Свет уличного фонаря падал на ее лицо, но как ни присматривался Никифоров, так и не смог разглядеть припухлостей вокруг глаз. Может, и не было синяка. Может, Слава всего лишь нос Маше разбил... За такое «всего» наказывать надо жестоко, но дочь твердо стояла на своем. Не пущу, и точка.
– Ты уже кричишь, – Павел озадаченно почесал щеку.
Против дочери силу он применить не мог. Такую возможность он исключил еще давно, с самого ее рождения...
– Буду кричать еще громче!
– Может, Слава твой сам ко мне выйдет? – спросил Павел. – Или он боится?
– А может, и боится. Ты же мент! От тебя всего можно ждать!
Опомнившись, Маша сконфуженно прикрыла рот ладошкой, но воинственный блеск из ее глаз не исчез. Она хоть и дрогнула, но оборонительные позиции сдавать не собиралась.
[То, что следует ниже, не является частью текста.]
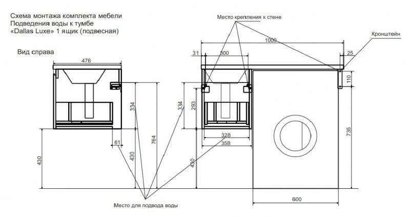 - Тумба с раковиной Dallas Luxe 1000 навесная 1 ящик левая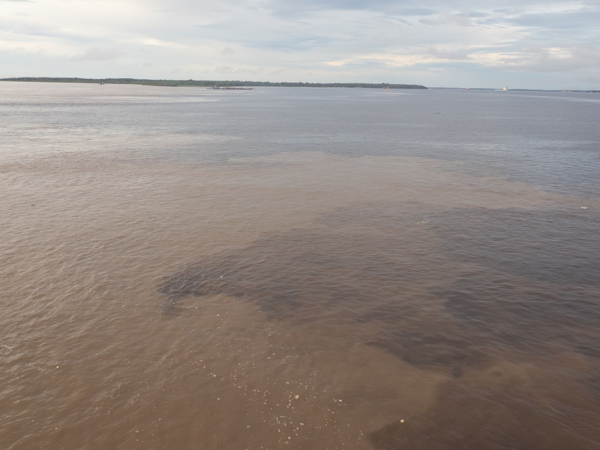 Daneben bringt der Solimões sehr viel Sedimente aus den Anden mit sich. Das Wasser ist neutral (PH 6.5-7) und sieht eher aus wie ein Milchkaffee. Hier bei der Mündung vermischen sich die beiden Gewässer nicht sofort, sie fliessen vielmehr noch einige Kilometer (ca 6-10km) nebeneinander her, wobei der schwarze Streifen immer schmaler wird. Grosse Wirbel zeigen schön auf, wie sich die Vermischung abspielt.
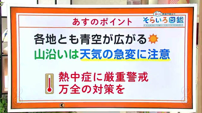 27日は、各地とも晴れ。山沿いでは、天気の急変に注意してください。また引き続き熱中症に、厳重な警戒を!東杜和気象予報士が高知の天気を詳しく解説します。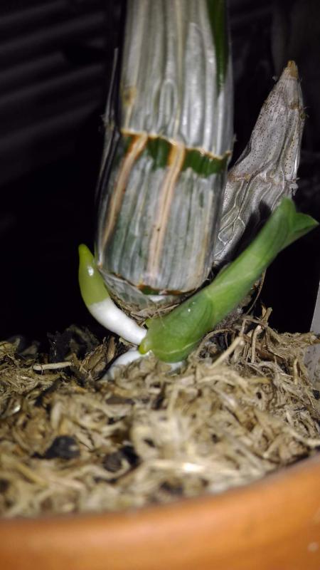 будете сажать, не заглубляйте нижний рост. если нормально растет и верхний, я бы при посадке материнскую бульбу посадила под наклоном, чтобы верхнему росту проще было в субстрат укорениться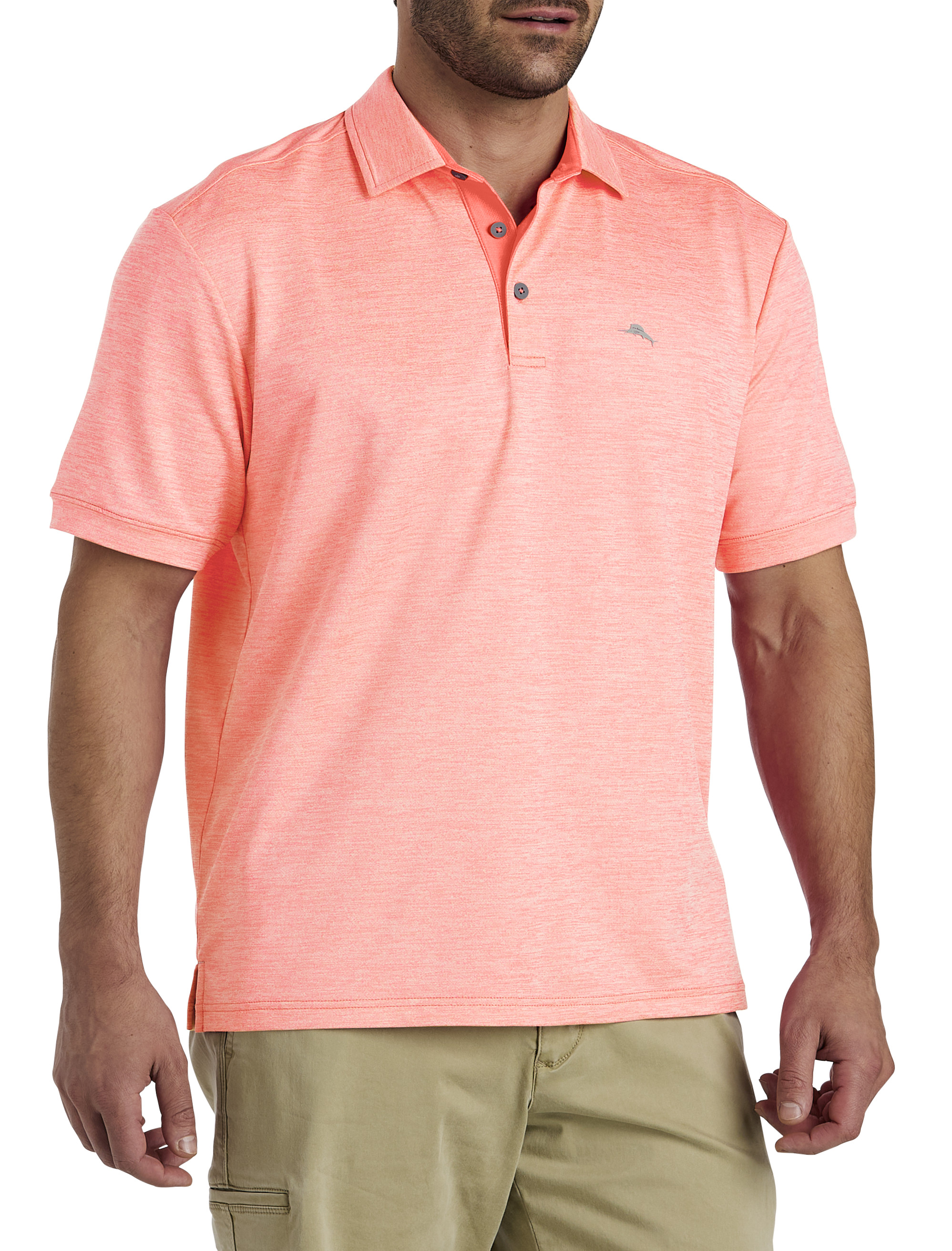 Stylish and soft to the touch—hit the links with this Tommy Bahama polo that takes you all the way to the 18th hole without breaking a sweat. Crafted in a polyester-stretch blend for a comfortable fit with the freedom to move, it's a must-have style that's sure to be a favorite whether you're on out on the green or out on the town.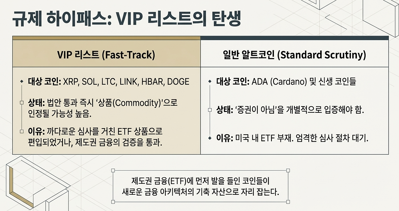 반면, 카르다노(ADA)처럼 시가총액은 높지만 미국 내 ETF가 없는 코인들은 이 '프리패스'에서 소외되어 험난한 심사 과정을 거쳐야 합니다. 이는 법안이 본질적으로 '공정성 논란'을 내포하고 있으며, 제도권 금융에 먼저 발을 들인 자들이 시장을 선점하는 '승자독식 구조'를 합법화하고 있음을 시사합니다.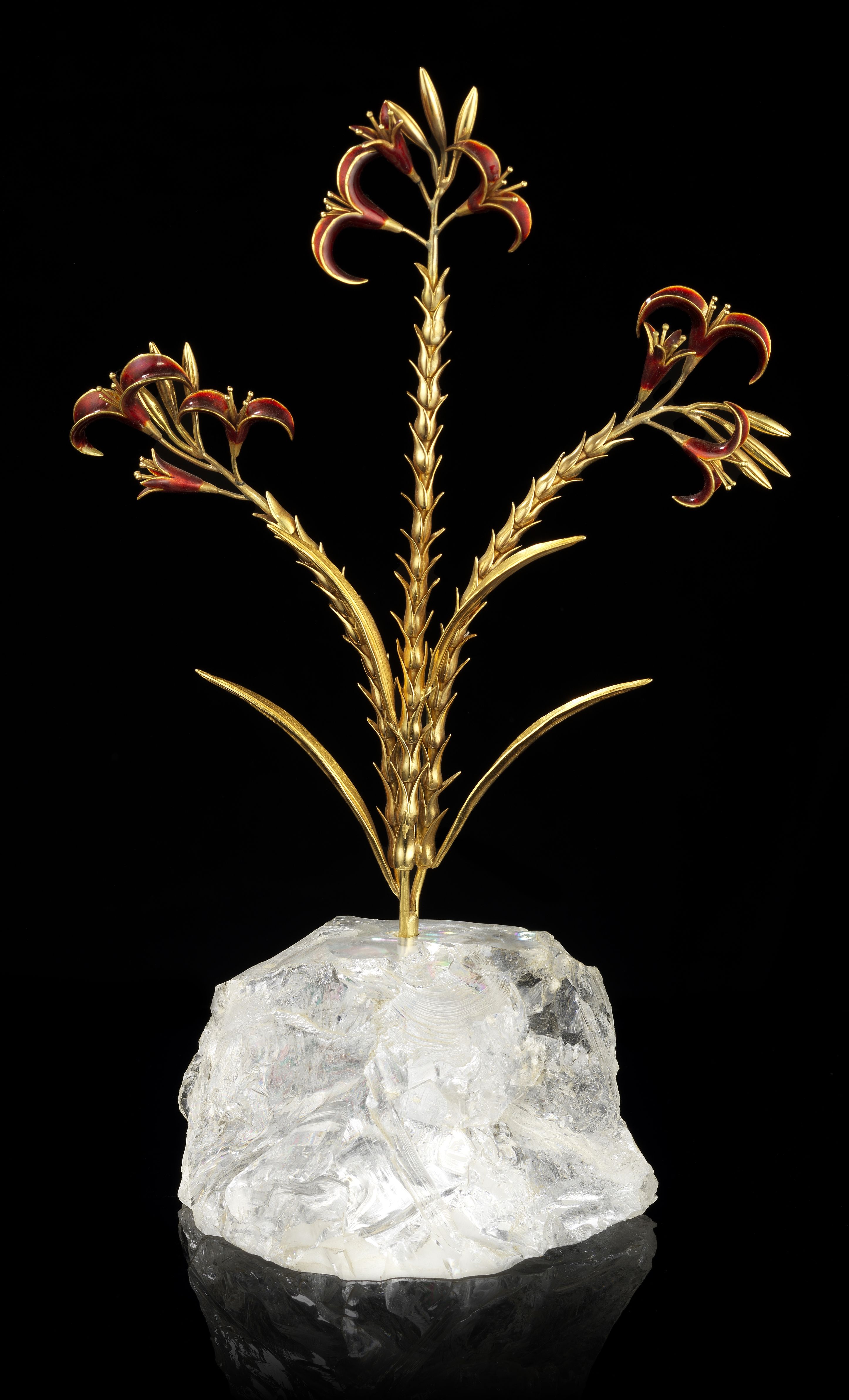 Grèce, or 750, émail rouge, cristal de roche, H 20 cm, la tige 1...

– Это кто тебе такое сказал, он или ты сама придумала?
– Какая разница?
– Значит, он.
– Может, и он. Только он тебя не боится! – язвительно сощурилась Маша. – А знаешь, почему? Потому что ты ни на что не способен! Ты нашел тех подонков, которые маму убили? Нет! Потому что не можешь их найти!..
Это был удар ниже пояса. Павел вздрогнул, беспомощно сгорбился. Увы, но ему нечем было ответить своей дочери.
– А может, ты не хочешь их искать? – продолжала она.
Он отвернулся, направился к машине и получил удар в спину.
– Я же знаю, ты никогда не любил маму!
Он еще ниже опустил голову, даже просел в коленях, как будто на плечи ему взвалили десятипудовую штангу. Под этой тяжесть и продолжил путь.
Маша опомнилась, когда он уже открыл дверцу, чтобы сесть в машину. Нагнала его, обняла, повисла у него на шее, мокрой щекой прижалась к его подбородку.
– Ну, прости! Ну, пожалуйста!.. Я же знаю, как ты страдаешь!
Она продолжала висеть у него на шее, но Никифоров, казалось, не чувствовал этой тяжести. Более того, он разогнулся так легко, будто с его плеч свалился полутонный груз.
Но камень в душе все же остался. Он, конечно же, простит дочь, уже простил, но ведь Лену этим не вернешь. И ее убийц не найдешь...
– Ты же знаешь, я не умею на тебя обижаться, – тепло, но с грустью улыбнулся он.
– Знаю... Помнишь, как я покрасила тебе ногти, когда ты спал? – той же улыбкой ответила она. – Ты чуть так на работу не ушел. Представляю, как бы на тебя там смотрели!
– Ничего страшного, все же знали, какая у меня проказница дочь, – пошутил он.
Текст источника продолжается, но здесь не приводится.